Coffee Space – Coffee Space

King’s Brides

Problem

A problem that was posed to be years ago (paraphrasing), is the following ¹:

A King’s subjects collect 50 women, each a potential bride. He meets with them one at a time, and must decide whether to propose or not to the woman before him. If he rejects her, she will not accept his proposal in the future. He cannot see them all at the same time, only as they are presented to him in some unknown order. If he accepts none, he ends up with no bride at all.

What is the best algorithm for him to apply to get the ‘best’ bride?

Note that ‘best’ here could be beauty, or it could be the result of some personal connection made with each woman. The measure he uses is not important, the important part is that the King has a method to rate each woman based on his internal measure.

Experiment

The source code to this is given below, as well as the raw results.

In our experiment, we make the King select from 50 brides (this is a number I remember) and perform 10,000 runs to get some statistics. Each set of brides for each run is randomly given a rating from a uniform distribution.

Each bride has a rating of 0.0 to 1.0. The average minimum rating is close to 0.0, the average maximum rating is close to 1.0, the average rating is close to 0.5.

First

The easy solution is for the King to simply select the first woman that comes to him. In Python this would look as follows:

0001 def alg_first(x, n, bride) :
0002   if x == 0 :
0003     return bride
0004   return None

In this case, when the proposed algorithm returns None, it means that no selection was made, and the woman is rejected. If it returns bride then the King proposes to the woman.

Result: In my experiments, this algorithm performs very averagely, with an average rating of 0.5027437360986446.

Next Best

The ‘optimal’ solution I was told years ago was to select the best bride that is better than the previous best. In reality, you would reject your first bride in all scenarios, and then select the best that is better than her. In Python this looks as follows:

0005 nextbest_prev = None
0006 def alg_nextbest(x, n, bride) :
0007   global nextbest_prev
0008   if x == 0 :
0009     nextbest_prev = bride
0010   else :
0011     if bride > nextbest_prev :
0012       return bride
0013   return None

Something to note here is that it’s entirely possible that the best bride is the first one you meet, therefore by running this algorithm you run a risk of having no bride at all.
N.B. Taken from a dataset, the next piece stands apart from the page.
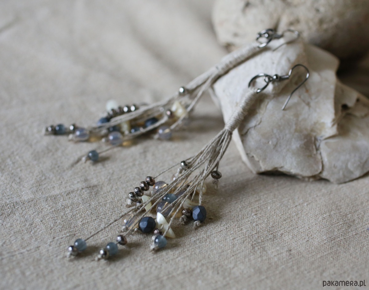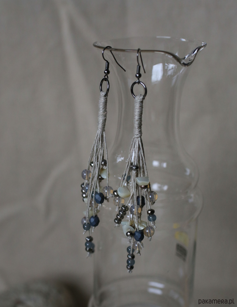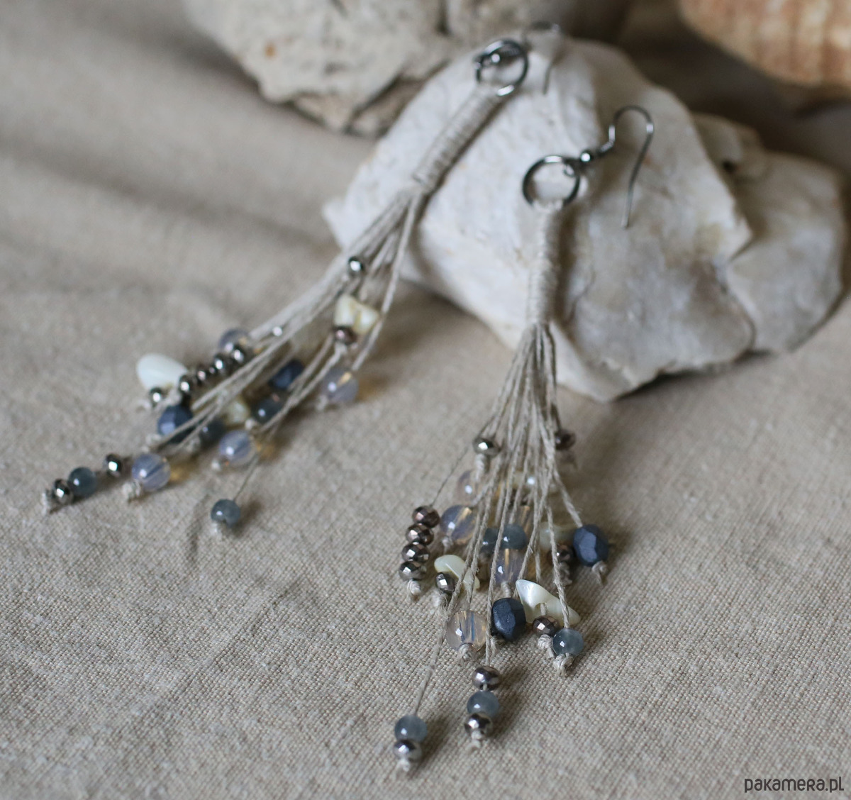 Kolczyki wiszące, w stylu boho, wykonane z różnorodnych koralików drewnianych, akrylowych i szklanych w tonacji srebrno-szarej. Bigle ze stali w kolorze antracytowym.

Result: In my experiments, this algorithm performs quite well, with an average rating of 0.7478398367763861. Worth noting though that there is an approximately 2.24% chance of not selecting a bride at all.

First Threshold

The algorithm I propose relies on you having some insider knowledge of the distribution of the women to be judged. Given there are 50 brides, and that they have a uniform random rating, if you set a threshold of 0.75 as a minimum, you know that on average 12.5 of these potential brides should rate at least this. The probability of none of them being higher than this rating is acceptably low (I didn’t see it in my experiments).

The Python code for this would look like so:

0014 def alg_firstthresh(x, n, bride) :
0015   if bride >= 0.75 :
0016     return bride
0017   return None

Result: In my experiments, this algorithm selects a bride with an average rating of 0.8744221248261387, with approximately 0% occurrences of not finding a bride.

Discussion

When answering “which is best?”, this is not quite so simple. If you want to always ensure you select a bride, simply picking the first is guaranteed to do this. If your goal is to select the best bride you can, without knowing anything about the distribution of ratings and a small probability of not selecting a bride is acceptable, the next best is a good algorithm. On the other hand, if you do have information about your distribution, you can quite clearly reliably do better by selecting the first that passes a threshold.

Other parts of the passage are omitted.